Aku menelan getir di tenggorokan. Tenggorokan yang terasa kering seolah menelan bara api. Pilihan macam apa ini? Pilihan yang bahkan bukan benar-benar pilihan. Karena apapun jawabanku… aku tetap kalah.

Aku bisa saja menolak. Tapi aku tahu persis konsekuensinya.

Keluargaku. Ibuku. Adikku. Hidup mereka akan tamat dalam sekejap hanya karena ulah ayah yang bodoh dan serakah itu.

Tapi menerima?

Itu artinya aku menyerahkan seluruh harga diriku… pada pria sekejam Arzandra Adrasta.

"Satu malam," lanjutnya, senyumnya tipis penuh jebakan. "Untuk memutuskan. Datang padaku… atau bersiap kehilangan segalanya."

Dan saat itu, aku benar-benar paham…

Dunia ini memang tidak pernah adil untuk orang kecil sepertiku.

Terutama… ketika lawanmu adalah Arzandra Adrasta.

PCTA 2

Langit senja mulai meredup saat Rania melangkah gontai menuju ke rumahnya. Setiap langkah terasa berat, seolah dunia menimpakan seluruh bebannya di pundak. Begitu memasuki rumah, Rania langsung menuju ke dalam kamarnya tanpa menyapa siapapun. Pintu kamarnya ditutup rapat, mengisolasi dirinya dari dunia luar.

Di dalam kamar yang remang remang, Rania berdiri terpaku menatap bayangannya sendiri di cermin. Kedua matanya sembab dan wajahnya pucat pasi, mencerminkan badai emosi yang berkecamuk di dalam dirinya.

Perlahan ia merosot ke lantai, punggungnya bersandar pada dinding kamarnya yang dingin. Air mata yang sejak tadi tertahan, akhirnya mengalir deras membasahi pipinya.

Tangannya meraih bingkai foto di meja kecil sebelah tempat tidur. Sebuah foto keluarga yang diambil beberapa tahun lalu, saat semuanya masih terasa normal. Rania menelusuri wajah wajah yang ada di dalam foto itu dengan ujung jarinya, merasakan nostalgia yang menusuk hati.

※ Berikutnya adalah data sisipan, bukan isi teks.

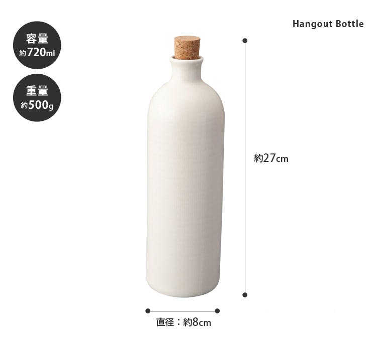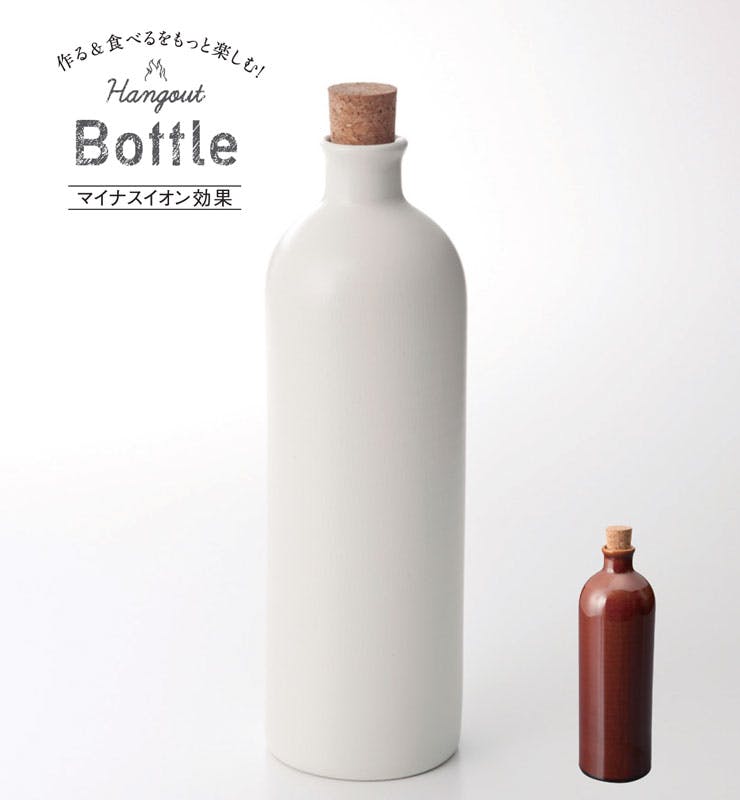 「作る&食べるをもっと楽しむ」 キッチンとアウトドアの境目を無くし、もっと自由に料理を作ること食べることを楽しみたいそんな願いから生まれたhangoutシリーズ。 中に入れた酒類や水をまろやかにする信楽焼のボトルです。 信楽の粘土から採取された「ラジウム鉱石」から発生するマイナスイオン効果により、酒類や水をはじめ食材の味をまろやかに感じる効果があります。 また、水のカルキ臭も取り除かれます。 蓋にはコルクを使用し、フォルムやカラーもスマートでありながらアウトドアの雰囲気を持たせたデザイン。

Suara hatinya berbisik lirih, "Kenapa hidupku menjadi segelap ini ya tuhan? Kenapa harus aku yang mengalami semua ini?"

Malam itu terasa begitu panjang, Rania terjebak dalam pusaran pikirannya sendiri, mengingat kembali pertemuannya dengan Arzandra Adrasta. Ancaman pernikahan paksa dan pemasangan chip pelacak di tubuhnya membuat Rania merasa seperti burung dalam sangkar emas. Kebebasannya direnggut tanpa ampun.

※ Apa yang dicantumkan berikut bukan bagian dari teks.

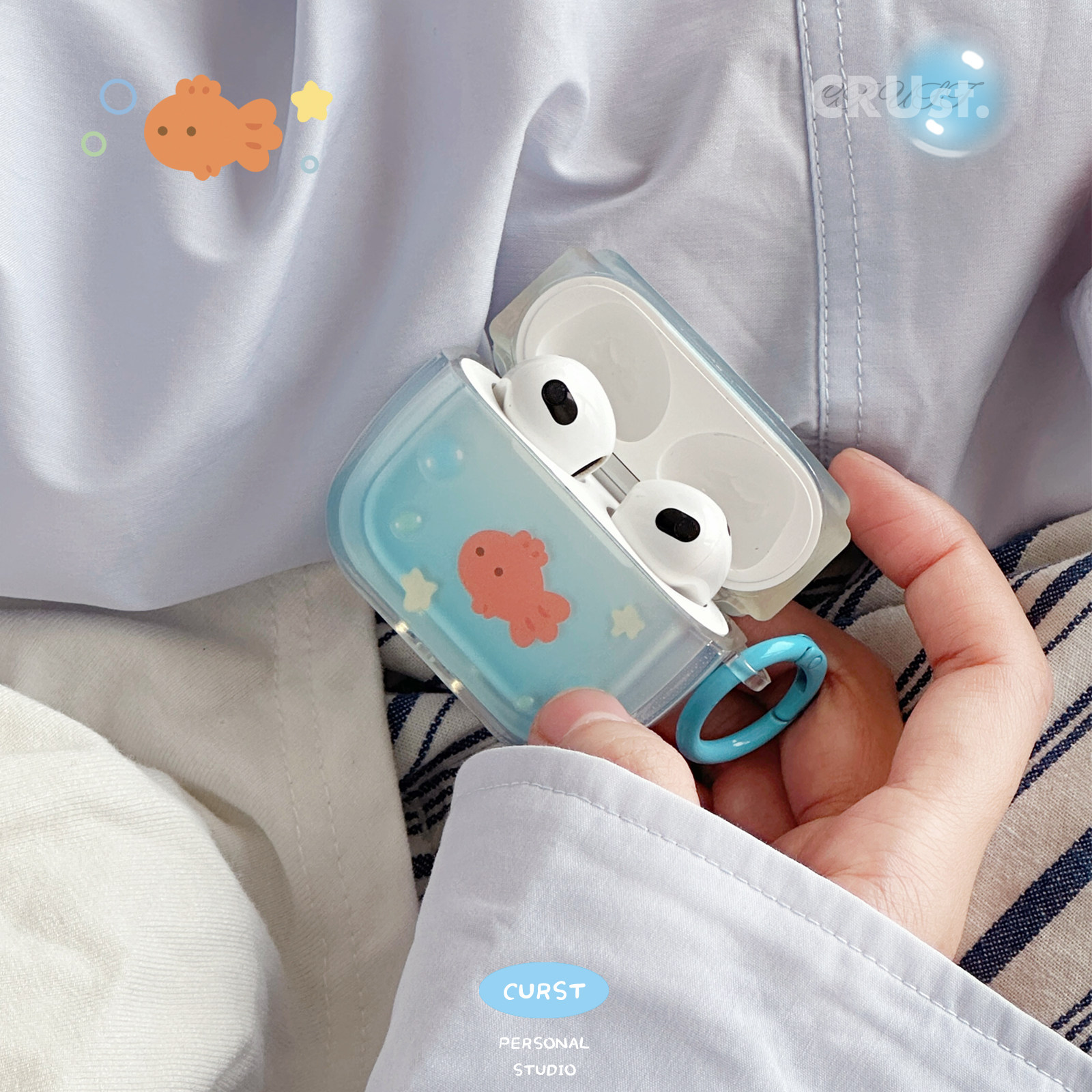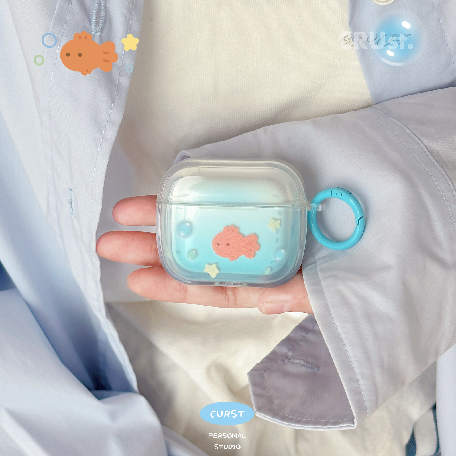 pro pro2 赠送配套挂饰 地壳说原创小鱼泡泡苹果耳机壳适用Airpods1 3渐变半透明可站立保护套软壳
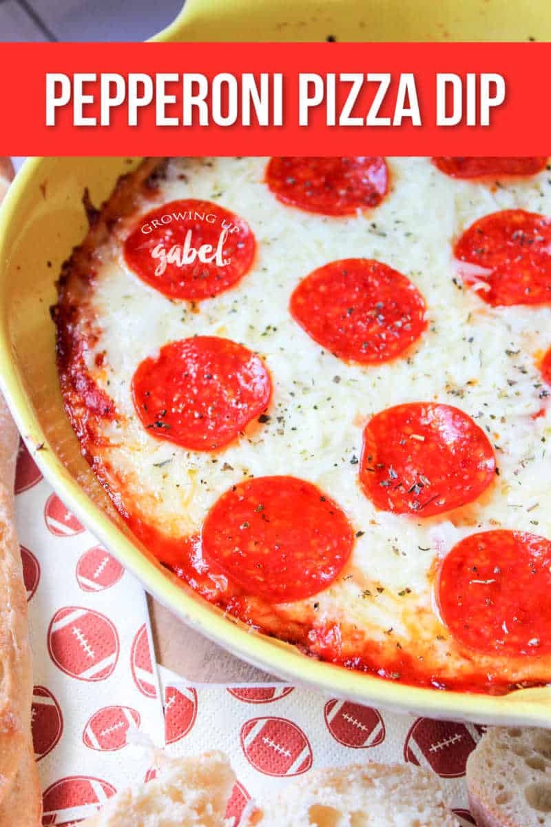 The entire family will love this easy pizza dip with cream cheese and pepperoni recipe. Made with cream cheese, mozzarella cheese, pizza sauce, and toppings. Use bread sticks, garlic bread, crackers or your favorite dipper and enjoy this yummy pizza dip.

Ketika fajar menyingsing, Rania masih terjaga. Kedua matanya menatap langit langit kamar, dengan tatapan matanya yang kosong tanpa ekspresi. Suara ketukan di pintu membuyarkan lamunannya. Rania pun bangkit dengan enggan dan membuka pintu.

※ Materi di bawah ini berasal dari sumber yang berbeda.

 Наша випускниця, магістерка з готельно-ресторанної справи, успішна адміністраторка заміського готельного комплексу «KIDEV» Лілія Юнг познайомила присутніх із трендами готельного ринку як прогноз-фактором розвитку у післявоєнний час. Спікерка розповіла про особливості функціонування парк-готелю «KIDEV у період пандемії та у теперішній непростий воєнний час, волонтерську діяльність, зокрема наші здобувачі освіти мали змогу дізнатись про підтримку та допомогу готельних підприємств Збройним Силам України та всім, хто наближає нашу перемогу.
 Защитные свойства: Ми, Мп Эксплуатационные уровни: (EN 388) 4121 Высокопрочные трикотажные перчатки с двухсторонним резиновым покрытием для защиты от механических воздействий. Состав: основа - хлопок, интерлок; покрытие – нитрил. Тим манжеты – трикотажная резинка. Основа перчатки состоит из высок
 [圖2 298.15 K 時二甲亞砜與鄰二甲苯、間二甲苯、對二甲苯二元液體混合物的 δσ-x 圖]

Seorang pria berjas rapi, dengan ekspresi yang datar dan profesionalisme yang kaku, berdiri ambang pintu.

"Nona Rania, saya asisten tuan Adrasta. Saya ditugaskan oleh tuan Adrasta untuk mengantar anda pergi ke klinik."

Rania menelan ludah, tenggorokannya terasa kering. Rania mencoba mencerna kenyataan bahwa hari ini tubuhnya akan ditandai dengan jejak tak kasat mata-sebuah chip pelacak yang akan mengikatnya lebih erat pada Arzandra Adrasta.

Rania mengangguk pelan, lalu berbalik masuk ke dalam kamarnya untuk mengambil tas kecilnya. Sebelum meninggalkan kamar, pandangan Rania kembali tertuju pada foto keluarga di meja. Dengan berat hati, Rania melangkah keluar mengikuti asisten Adrasta menuju ke mobil hitam yang terparkir di depan rumah.

Perjalanan menuju klinik berlangsung dalam keheningan yang menyesakkan, pikiran Rania dipenuhi pertanyaan dan ketakutan yang tak terucapkan. Rania menatap ke luar jendela mobil dan menyaksikan kota Jakarta yang mulai sibuk dengan aktivitas pagi. Namun pikirannya melayang entah kemana.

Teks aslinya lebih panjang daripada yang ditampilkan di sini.